The Last Tourist by Olen Steinhauer – A Review

It’s been 8 years since we’ve had a novel dedicated to the trials and tribulations of Milo Weaver, Olen Steinhauer’s former spy turned spymaster. Milo was a member of a secretive CIA department called Tourism, it’s agents tasked with cleaning up messes that the government didn’t want to have to acknowledge. Members of the department, called “tourists” would fan out around the world killing those who got in the way of the good ol’ US of A. At the end of An American Spy, the department had been decimated by its rivals in the Chinese government and put in mothballs. Weaver ended up taking over for his father as the head of yet another secret spy agency, this one called “the library” and run out of the UN by Milo’s father, a former Russian spy. Despite the rather loopy description above when you read the novels Steinhauer manages to keep the concept grounded in reality, mostly succeeding in making the wild leaps feel natural.
The Last Tourist begins from the point of view of a CIA analyst, Abdul Ghalili, sent far away from his desk to Laayoune, Western Sahara to debrief Milo after he’s reached out to the CIA. Ghalili is a fish out of water, quickly out of his element and left at the mercy of people far above him. A fresh point of view turns out to be a good way to reintroduce some of the characters we haven’t seen in years, as well as offer another character besides Milo whose story we’re invested in.

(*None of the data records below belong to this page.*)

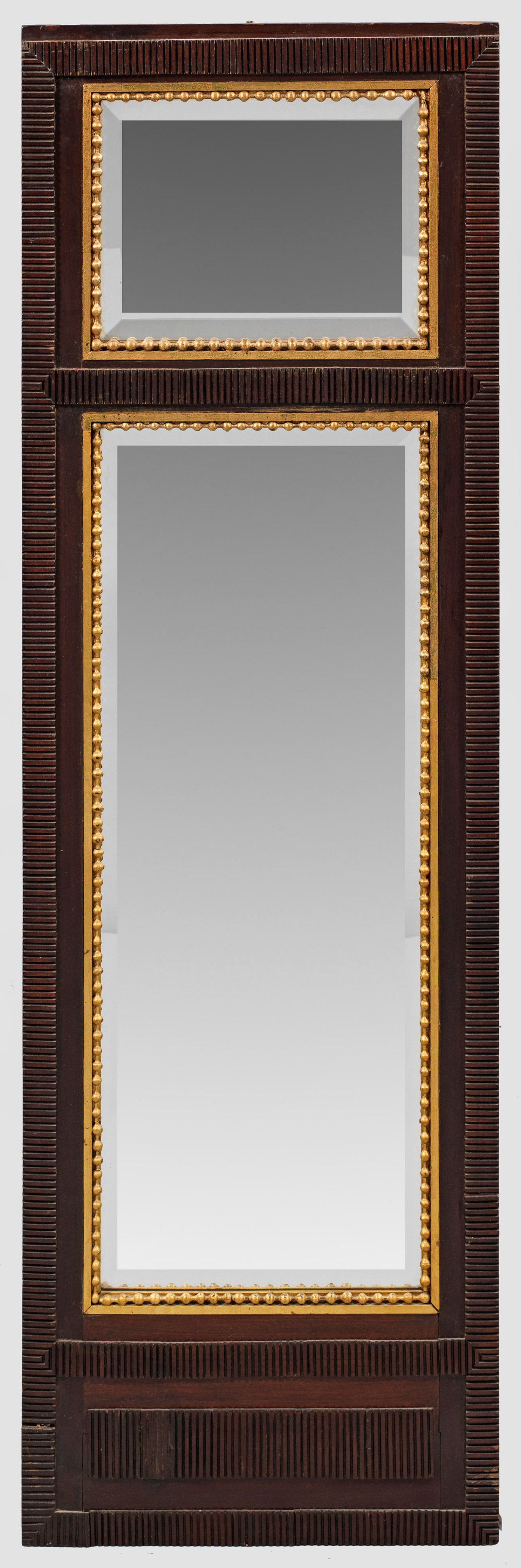 Mahagoni, furniert sowie Holz, gefasst und vergoldet. Gerade, hochrechteckige Spiegelrahmung mit Rippen- bzw. Perlstabfries. Facettiertes Spiegelglas. 130 cm x 41,5 cm.
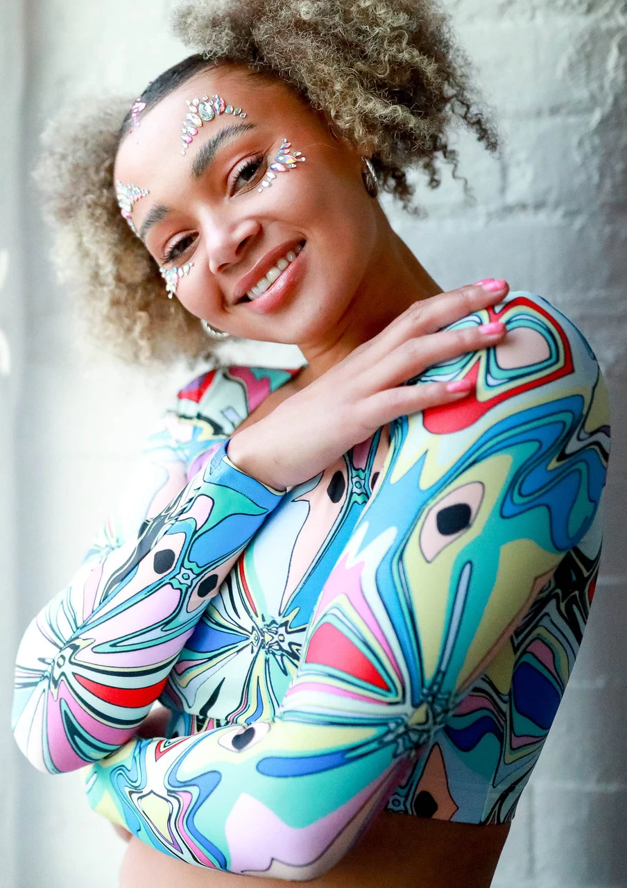 Four way stretch fabric makes this abstract print crop top a perfect fit whilst the ultra matt polyester gives high coverage and holds its shape well. The multi-colour bright print makes a statement and is complimented by the modern square neckline. Vivid print flows down the long sleeves and onto a full covered back. This comfortable crop looks amazing as a co-ord when styled with the Move Dance Nebula High Waisted Cycling Shorts. Alternatively it makes the perfect jeans and nice top combo!
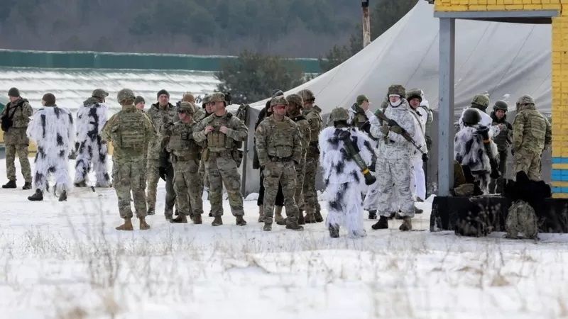 Fotos de principios de febrero muestran a instructores del ejército de EE.UU. participando en simulacros en la base con miembros del servicio ucraniano.
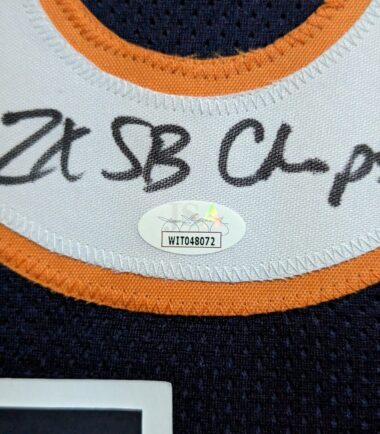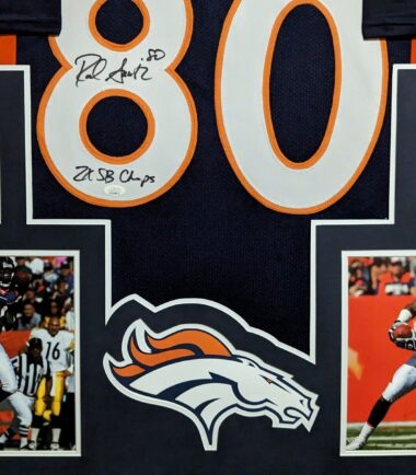 Framed Rod Smith hand signed Denver Broncos style Custom Jersey.”2X SB Champs” Inscribed JSA COA The authentication is from JSA. This signature is authenticated by a representative of JSA! 100% AUTHENTIC!!! The jersey has fully stitched numbers on the front and back. No tags or logos. This is not an official NFL jersey but it is very high quality. It is a great item and a must for all great sports fans! This item is professionally framed, it measures 32”x40” inside , 42”x34” outside , using UV protective Acrylic glass for safe keeping and safe transport, team color matting, black moulding and hanging hooks on the back. All additional items in frame seen in pictures included. 100% ready to hang in your fan cave.
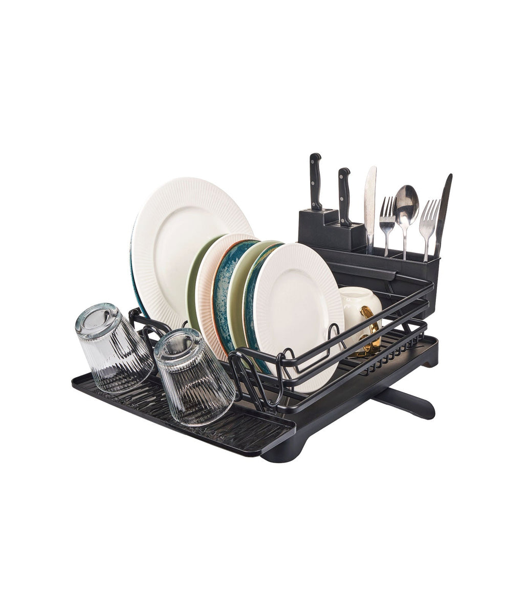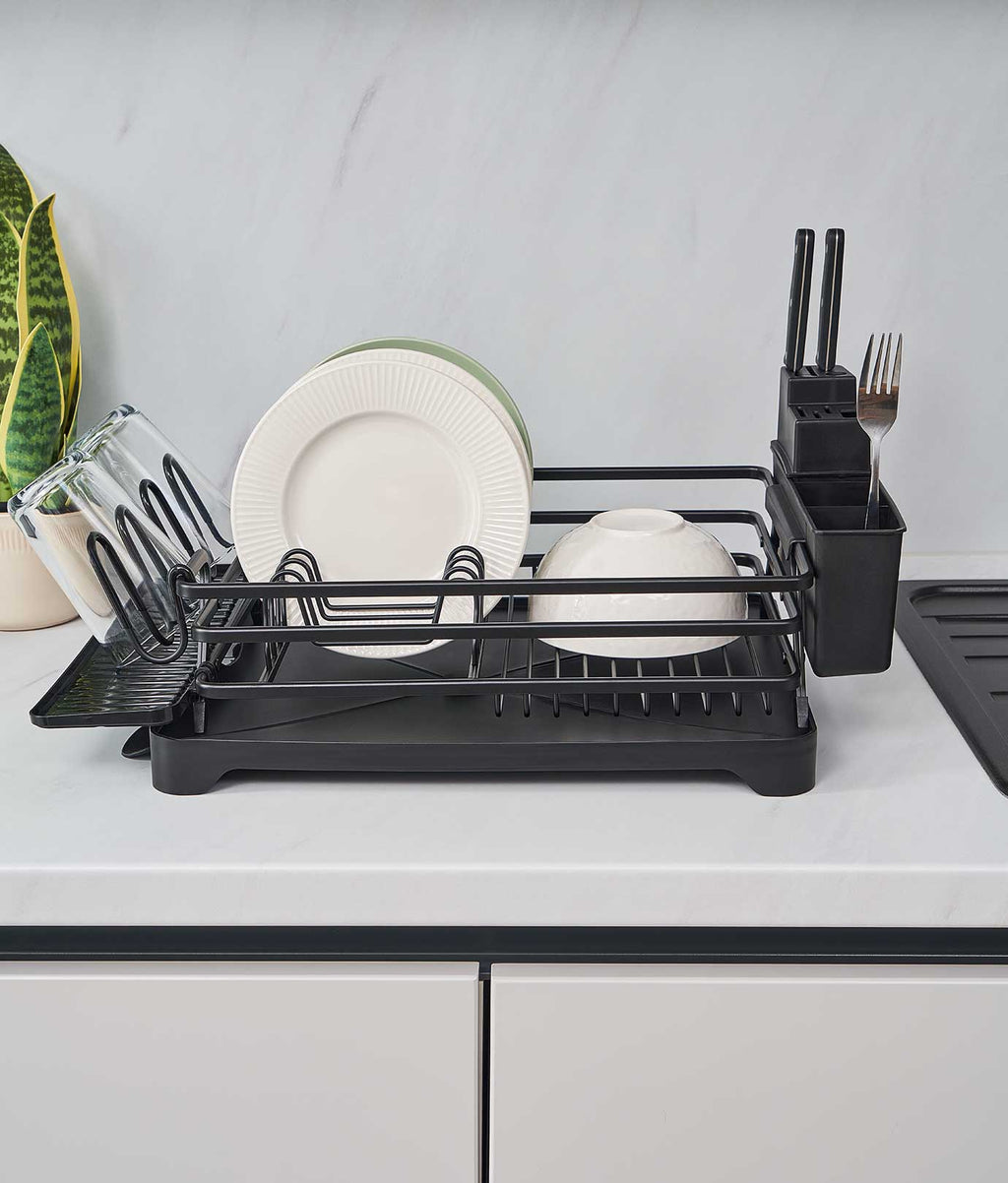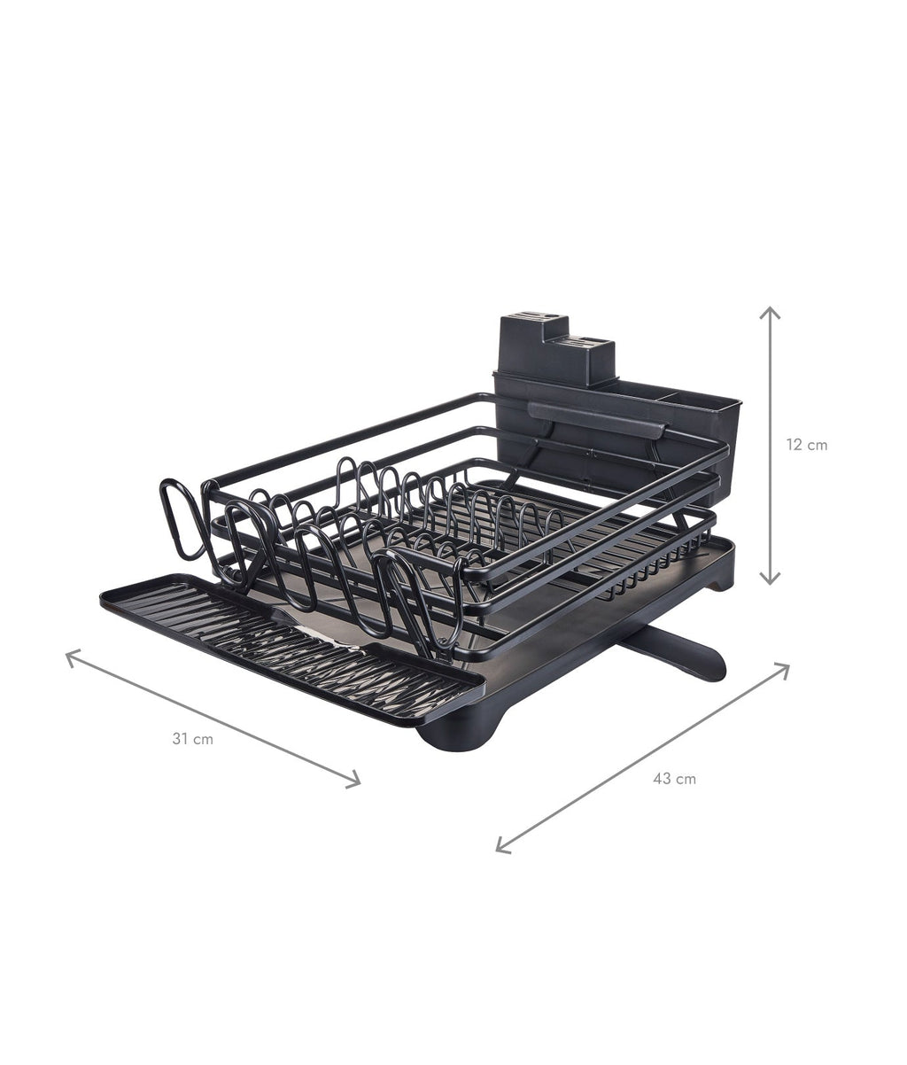 Uscătorul de vase multifuncțional are dimensiuni compacte de 43 x 31 x 12 cm. Materialul din aluminiu, cu strat anti-rugină, îi asigură durabilitatea. În plus, culoarea neagră adaugă eleganță în bucătărie. Are suporturi dedicate pentru cuțite, pahare și tacâmuri, împreună cu o tavă de scurgere cu canal ajustabil.
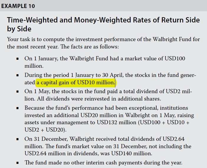 第一个图,里面写了是time-weighted rate of return of 21.03 percent for one year, 这个就是算的一年的,TWRR,刚好里面四个月加八个月就是1年,就不需要开方。

After a surprising cameo appearance in his previous book, The Middleman, in his latest we get a fuller picture of what Milo has been up to over the past few years. His job as head of the Library has been going relatively smoothly and kept him and his family out of the line of fire, getting back to some level of normalcy after the rollercoaster that the first three books put the characters through. In the past, Steinhauer’s best trick has been balancing the spy stuff with more mundane, but relatable, family drama and that continues here. Which would fill you with more dread, assassins chasing after you or being called into the principal’s office for a meeting about your delinquent child? I know my choice.
As the action ramps up we learn that someone has restarted the Department of Tourism and isn’t too keen to have any old staff members wandering around. It puts Milo off his game and as the story plays out we learn there’s a darker reason for Ghalili’s involvement.
Although the human stories are strong, the plot mechanics behind the forces at work seemed apparent from the start and while many of the references to current events made the book of the moment, I worry about how it holds up long term. To Steinhauer’s credit, The Tourist came quite directly out of 9/11 and still stands up as a great thriller, so maybe that won’t be as big of a concern for The Last Tourist.
If you’ve been eagerly awaiting the next appearance of Milo Weaver and his fellow tourists, you won’t be disappointed in this book. As with the best of his previous books, Steinhauer mixes high concept spy antics with family drama and the volatile political moment we seem to be living through in a lively and exciting manner.